Also known as “parietal horns,” the relative size of these pointy structures varied noticeably between Styracosaurus specimens.

2. Styracosaurus Probably Used a Different Fighting Style Than Triceratops Did.

In a 2009 effort to shed some light on dinosaurian combat, a paleontological team compared several skulls from Centrosaurus (pictured on the left) and the famed Triceratops. Scars consistent with locked-horn showdowns are, it turns out, quite common on Triceratops heads, but relatively rare in Centrosaurus remains. Perhaps this is because the latter herbivore—like its close cousin Styracosaurus—lacked formidable horns above its eyes and probably had to find other means of clashing with rivals.

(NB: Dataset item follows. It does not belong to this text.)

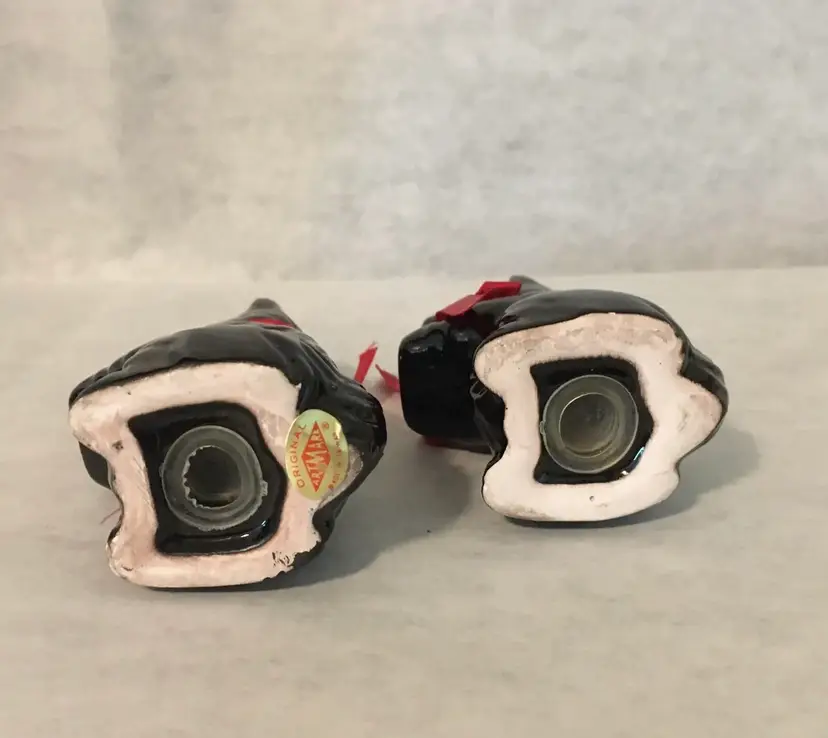 Artmark. Made in Taiwan. Matching set. Holes are in front paws. Salt has 3 holes. Pepper has 2 holes. Original red ribbons. Both have plastic stoppers. Artmark foil sticker. Approx 3.25” H.
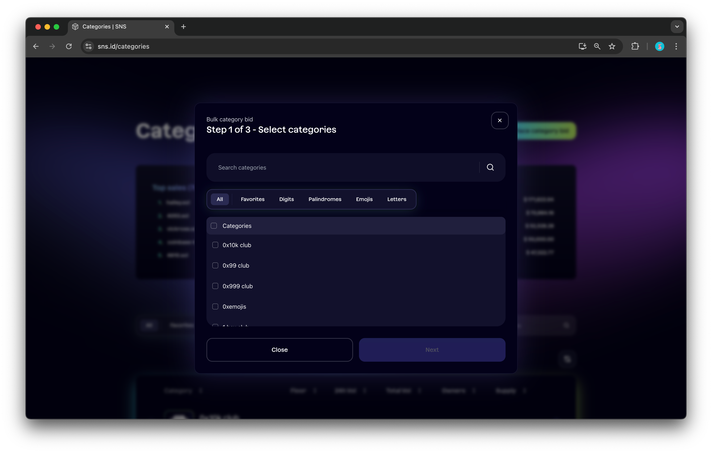 “Browse domains” → “Categories”로 이동하면 “Place category bid” 버튼이 있습니다.

“Possibly Centrosaurus wasn’t using its horns for fighting,” says Dr. Andrew Farke (who helped execute this study), “or, if it was fighting, it was concentrating its energies on parts away from the skull, like maybe flank-butting or something like that.”

3. Styracosaurus Appears in the Weirdest Western Ever Made.

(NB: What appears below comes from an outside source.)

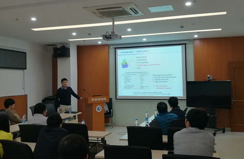 報告中,王恒博士闡述了平面超分子領(lǐng)域的研究進(jìn)展,詳細(xì)介紹了三種不同代數(shù)(G2-G4)二維平面超分子配體的模塊化合成策略及其自組裝,展示了“配體合成與自組裝一鍋法”的簡便高效合成方法?;谕S六元環(huán)的三維棱柱的構(gòu)筑過程及其自組裝的機(jī)理,可將此類平面超分子拓展至三維立體結(jié)構(gòu)。報告后,王恒博士同與會人員就巨型超分子領(lǐng)域的研究進(jìn)行了討論與交流。
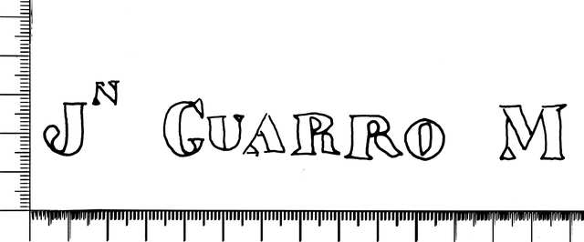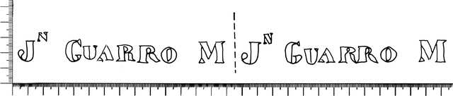 Tipo de filigrana: Doble Parte estudiada: Izquierda Código del Motivo: W.04.02.00 Descripción: Filigrna izquierda: las letras JN GUARRO M. Filigrana derecha: igual que la izquierda. Estructura: Tradicional de líneas Altura (mm): 20 Anchura (mm): 135 Tipo de papel: Vitela Posición en la hoja: Izquierda inferior Distancia entre corondeles: Posición en relación al texto: Origen de los datos: Datos obtenidos del original País de localizatión del molino: España Lugar del molino: Cataluña Fabricante: Juan Guarro M Autor de los datos de este registro: María Dolores Díaz de Miranda Macías Estado de la hoja: Sin cortar bordes Altura de la hoja: 315 Anchura de la hoja: 430 Color de la hoja: Natural Institución: Archivo Municipal de Oviedo.

Cowboys wrangle stop-motion dinosaurs in Ray Harryhausen’s epic creature feature The Valley of Gwangi (1969).  At one point, predatory “Gwangi” (whose design was loosely based on T. rex and Allosaurus) takes down an enraged Styracosaurus with some help from a spear-toting horseman.

4. …But Was Cut from King Kong (1933).

Though animator Willis O’Brien had shot a thrilling action sequence with his poseable Styracosaurus model, this scene wound up getting scrapped. Fortunately, when the hasty sequel Son of Kong (1933) was churned out less than a year later, “Obie’s” Styracosaurus finally secured some screen time.

5. Scientists Have Been Divvying Up Styracosaurus.

What’s in a (scientific) name? Clarity, for starters. Once upon a time, Styracosaurus included three recognized species:  S. albertensis, S. parksi, and S. ovatus. In 2007, though this dino got a classification makeover, with S. albertensis and S. parksi being merged into a single species thanks to their virtually indistinguishable anatomy. Meanwhile, S. ovatus was placed within an entirely new genus and is now called Rubeosaurus ovatus.

6. Styracosaurus’ Nose Horn was Shorter than Most People Think.

When studying fossils for a living, incomplete specimens can be the bane of your existence, and Styracosaurus’ distinctive nose horn falls into this category: Most of what we know about this nasal apparatus is based on fragmentary fossils. Though it’s traditionally been assumed to have been around 20 inches long, a closer examination reveals that the horn was around half that length (and possibly blunt-tipped).

7. Some Have Said That Styracosaurus Had Absurdly-Huge Jaw Muscles.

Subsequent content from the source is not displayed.